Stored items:
* * * * *
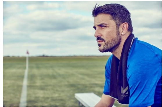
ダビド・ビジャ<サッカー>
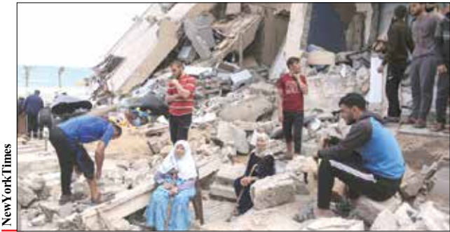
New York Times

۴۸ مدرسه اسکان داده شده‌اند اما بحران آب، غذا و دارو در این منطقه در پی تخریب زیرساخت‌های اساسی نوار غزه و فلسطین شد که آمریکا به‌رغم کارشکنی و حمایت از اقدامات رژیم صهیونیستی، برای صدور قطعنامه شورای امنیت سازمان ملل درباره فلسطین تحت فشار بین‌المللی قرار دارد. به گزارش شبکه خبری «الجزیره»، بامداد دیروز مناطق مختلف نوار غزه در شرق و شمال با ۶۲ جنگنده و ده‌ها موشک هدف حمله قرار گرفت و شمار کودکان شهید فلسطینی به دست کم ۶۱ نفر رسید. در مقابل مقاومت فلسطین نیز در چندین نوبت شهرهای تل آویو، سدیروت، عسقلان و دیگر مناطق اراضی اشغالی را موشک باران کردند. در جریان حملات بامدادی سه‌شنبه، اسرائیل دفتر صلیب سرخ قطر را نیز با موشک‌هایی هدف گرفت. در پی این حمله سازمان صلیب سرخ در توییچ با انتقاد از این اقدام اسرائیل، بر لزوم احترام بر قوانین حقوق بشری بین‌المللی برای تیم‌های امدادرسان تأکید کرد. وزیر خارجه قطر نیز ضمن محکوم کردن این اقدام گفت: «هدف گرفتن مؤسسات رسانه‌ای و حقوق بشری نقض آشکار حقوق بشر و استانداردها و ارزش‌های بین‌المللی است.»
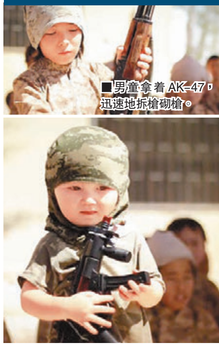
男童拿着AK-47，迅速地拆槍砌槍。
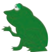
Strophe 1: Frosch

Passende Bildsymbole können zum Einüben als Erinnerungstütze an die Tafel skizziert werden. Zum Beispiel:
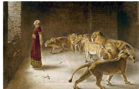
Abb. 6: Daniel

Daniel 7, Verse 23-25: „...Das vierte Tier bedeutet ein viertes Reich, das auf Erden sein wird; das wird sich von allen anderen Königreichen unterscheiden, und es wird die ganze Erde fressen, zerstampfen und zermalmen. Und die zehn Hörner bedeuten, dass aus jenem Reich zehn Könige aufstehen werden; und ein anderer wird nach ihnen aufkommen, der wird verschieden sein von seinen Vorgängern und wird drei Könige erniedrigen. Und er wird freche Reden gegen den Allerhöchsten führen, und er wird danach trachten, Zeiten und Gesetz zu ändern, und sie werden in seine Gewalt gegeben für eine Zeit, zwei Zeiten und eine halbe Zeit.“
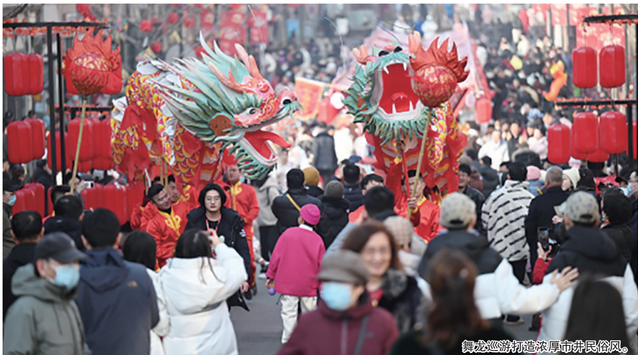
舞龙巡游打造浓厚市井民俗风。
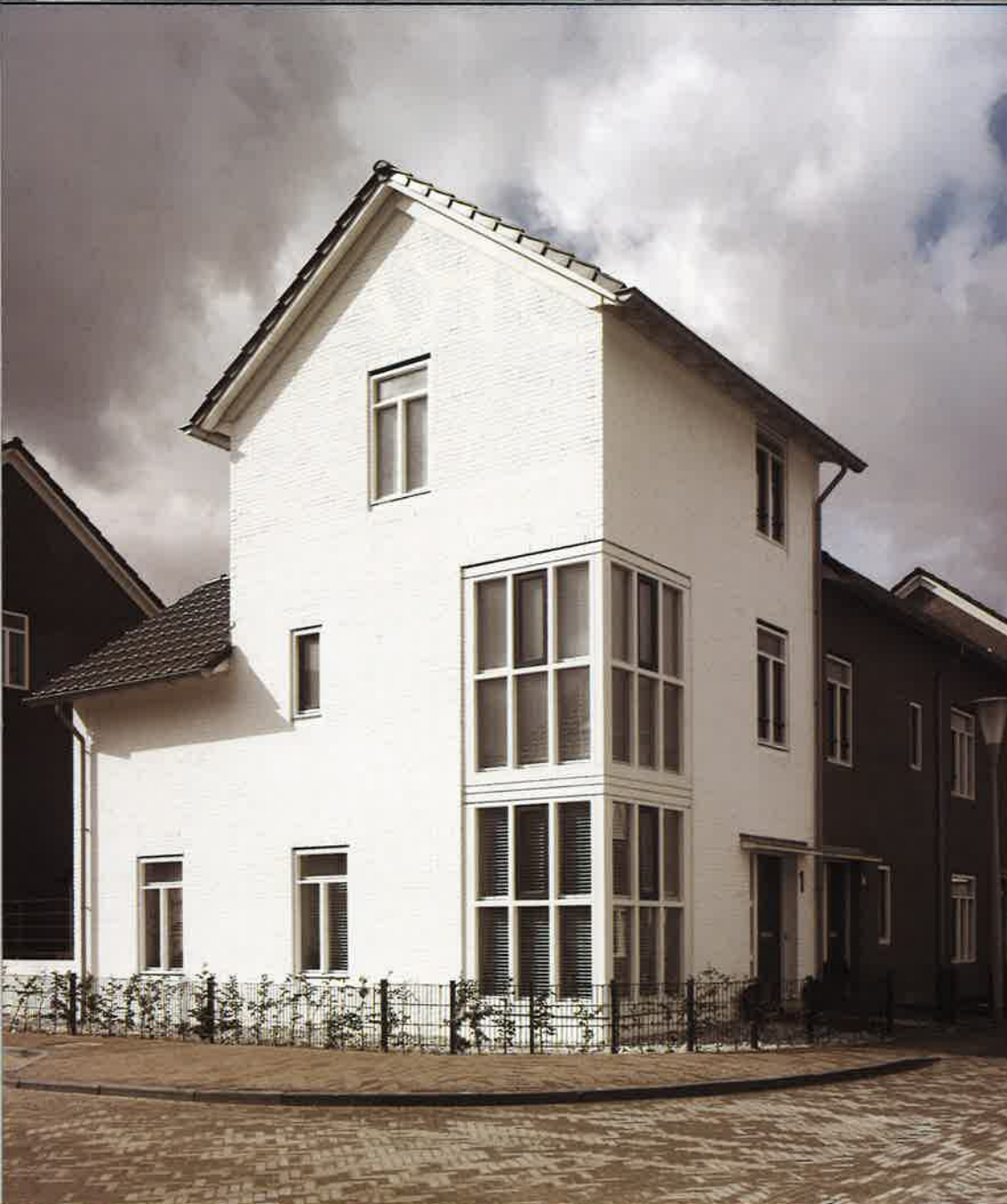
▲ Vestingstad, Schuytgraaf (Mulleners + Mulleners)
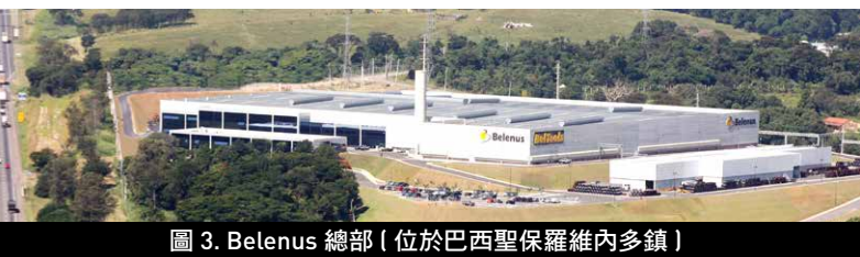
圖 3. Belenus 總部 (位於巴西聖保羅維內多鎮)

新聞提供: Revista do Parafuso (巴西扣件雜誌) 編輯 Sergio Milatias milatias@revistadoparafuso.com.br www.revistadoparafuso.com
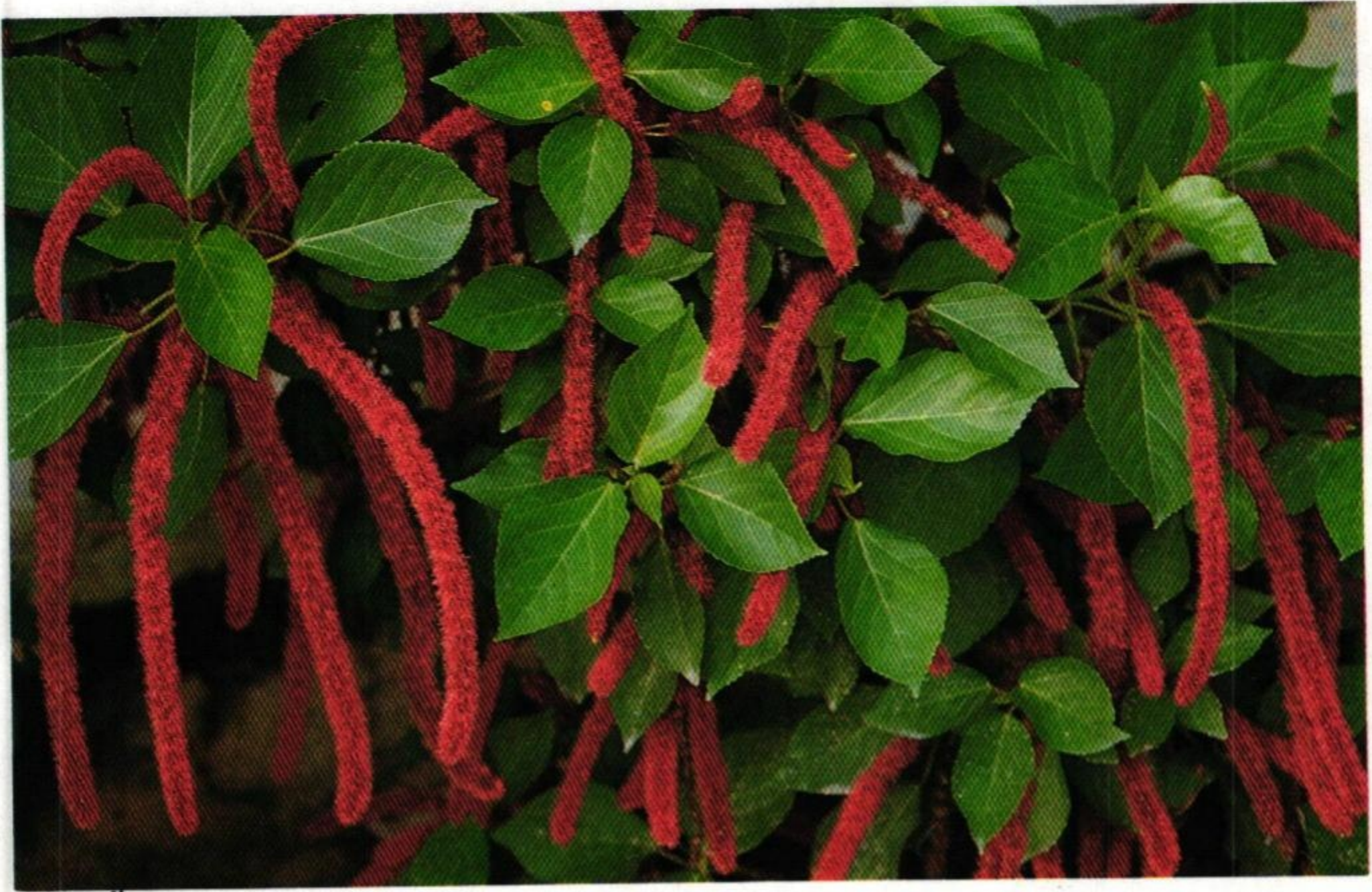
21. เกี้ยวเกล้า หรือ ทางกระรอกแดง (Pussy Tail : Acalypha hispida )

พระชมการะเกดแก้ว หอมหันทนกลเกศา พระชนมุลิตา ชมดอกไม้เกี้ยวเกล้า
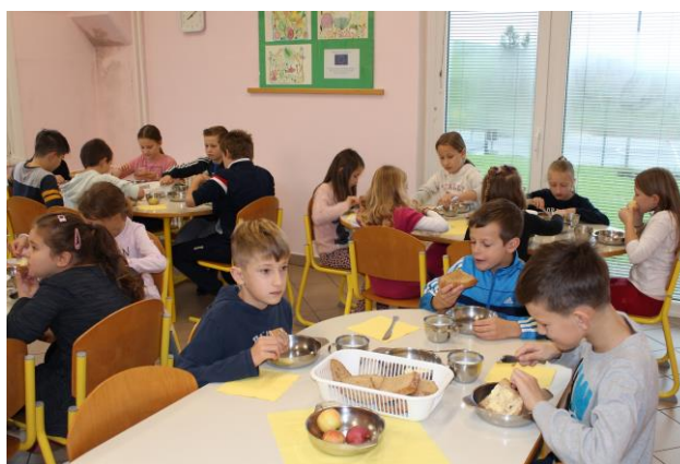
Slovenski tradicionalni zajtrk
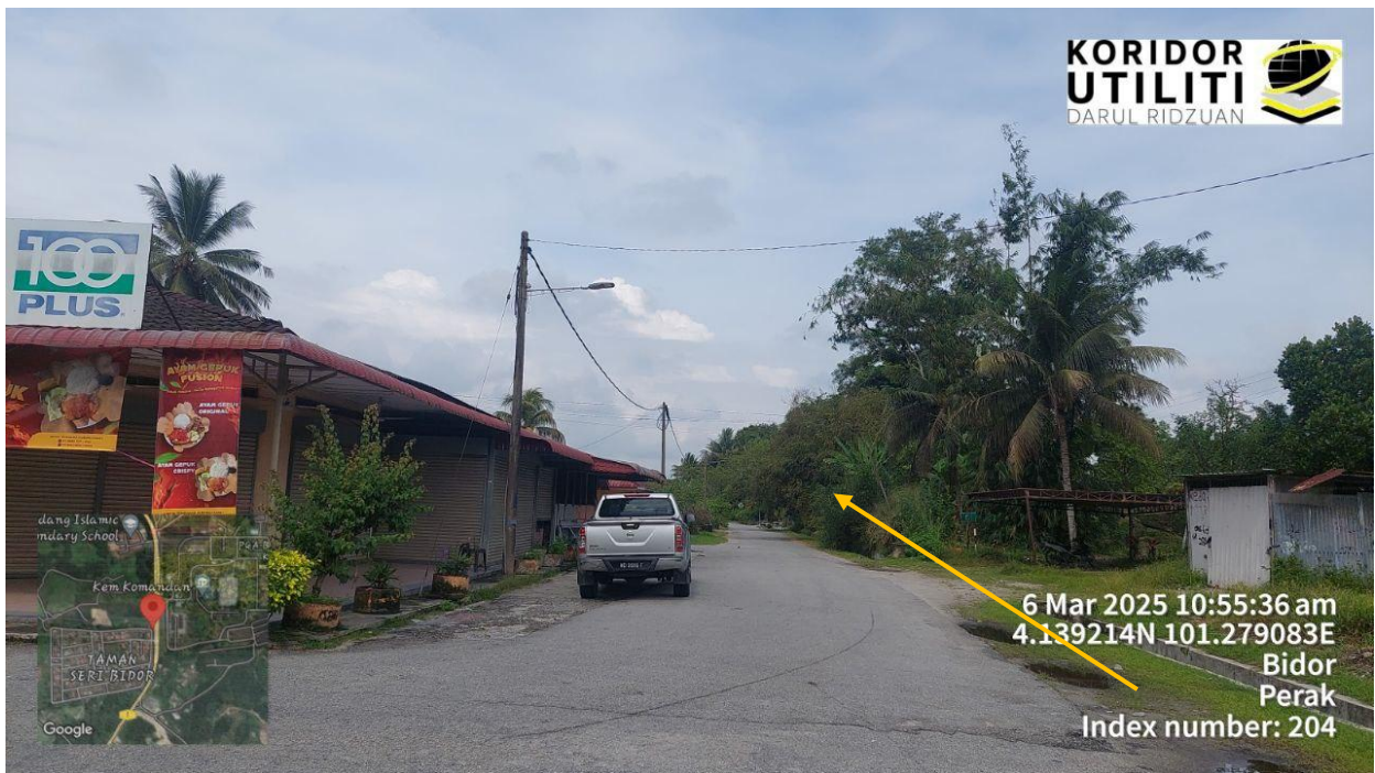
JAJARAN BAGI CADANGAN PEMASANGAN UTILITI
* * * * *
Exercise: The answer is the lines above from the one with "男童拿着AK-47，迅速地拆槍砌槍。" to the one with "Abb. 6: Daniel", set down exactly, with no pictures.

Expected answer:
男童拿着AK-47，迅速地拆槍砌槍。
Strophe 1: Frosch

Passende Bildsymbole können zum Einüben als Erinnerungstütze an die Tafel skizziert werden. Zum Beispiel:
Abb. 6: Daniel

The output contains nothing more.